Secondly, I wanted to use edgeR's glmLRT and topTags function to generate nice tables for my DESeq results, so I wrote a few functions that allow me to use edgeR's glmFit function on a DESeq CountDataSet to yield a DGEGLM object just as if glmFit was called on a DGEList object. I have verified that these functions produce nearly identical fit coefficients to DESeq's own fitNbinomGLMs, and the resulting p-values from glmLRT are nearly identical to DESeq's nbinomGLMTest, so this accurately reproduces the DESeq method using edgeR functions. This allows you to use edgeR's topTags to get a nice table with PValues, FDR, logFC, logCPM, and annotations. I also tried glmQLFTest on the results, but it didn't change any of the p-values because the F-test derived p-values were all smaller so it just kept the chi-squared-derived p-values, so I'm not sure if glmQLFTest is valid with DESeq. Anyway, here are the functions:

## The following two functions allow the use to edgeR's infrastructure
## to execute the DESeq method. Instead of glmFit(dge, design), use
## glmFit.CountDataSet(cds, design), then continue as with a normal
## edgeR analysis.
getOffset.CountDataSet <- function(y) {
  if (any(is.na(sizeFactors(y))))
    stop("Call estimateDispersions first")
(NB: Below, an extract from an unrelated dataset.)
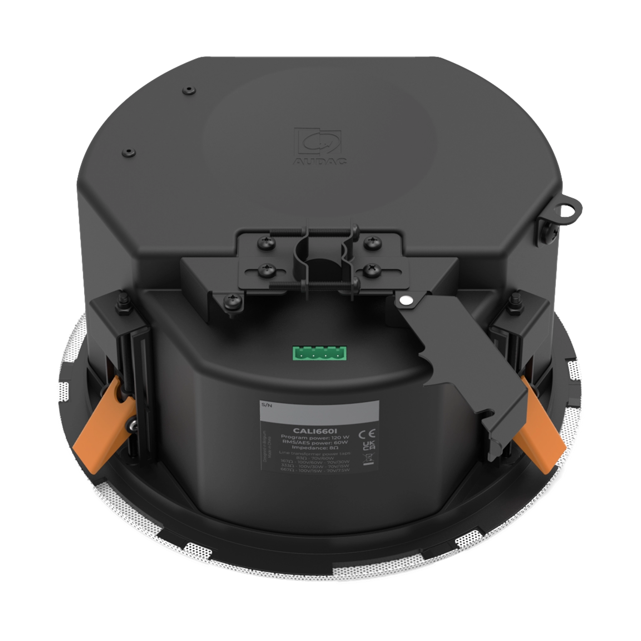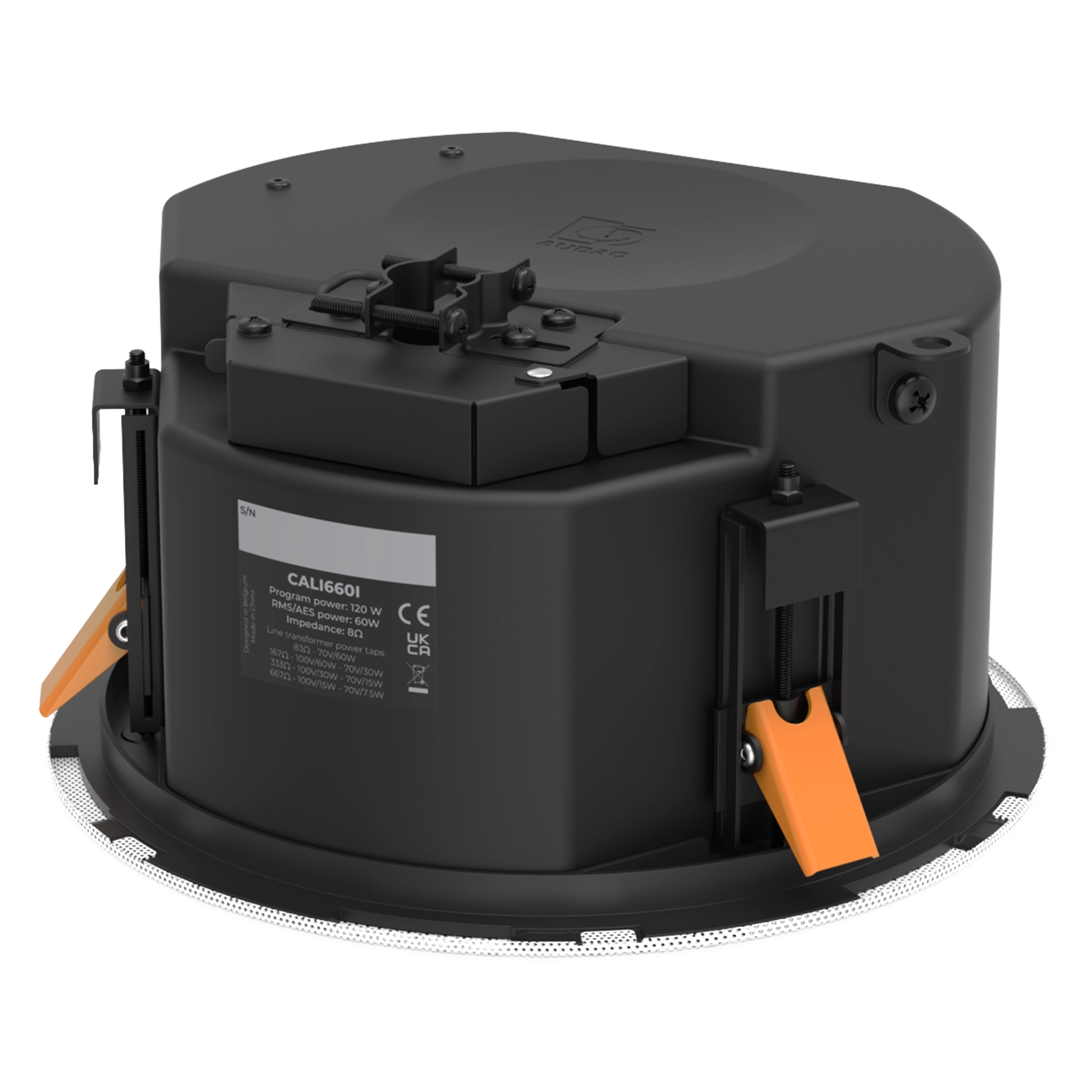 The CALI660 is a 2-way ceiling speaker with rear dome, constructed using a 6.5” cone driver, combined with an coaxially mounted 1” soft dome tweeter which is fitted with a phase plug for excellent off axis performance up to 145°.

  log(sizeFactors(y)) - mean(log(sizeFactors(y) / colSums(counts(y))))
}

glmFit.CountDataSet <- function (y, design = NULL, dispersion = NULL, offset = NULL, weights = NULL, lib.size = NULL, start = NULL, method = "auto",
                                 ...)
{
  stopifnot(is(y, "CountDataSet"))
  if (is.null(dispersion)) {
    if ("disp_pooled" %in% colnames(fData(y)))
      dispersion <- fData(y)$disp_pooled
    else if ("disp_blind" %in% colnames(fData(y))) {
      if (fitInfo(y, "blind")$sharingMode != "fit-only")
warning("You have used 'method=\"blind\"' in estimateDispersion without also setting 'sharingMode=\"fit-only\"'. This will not yield useful results.")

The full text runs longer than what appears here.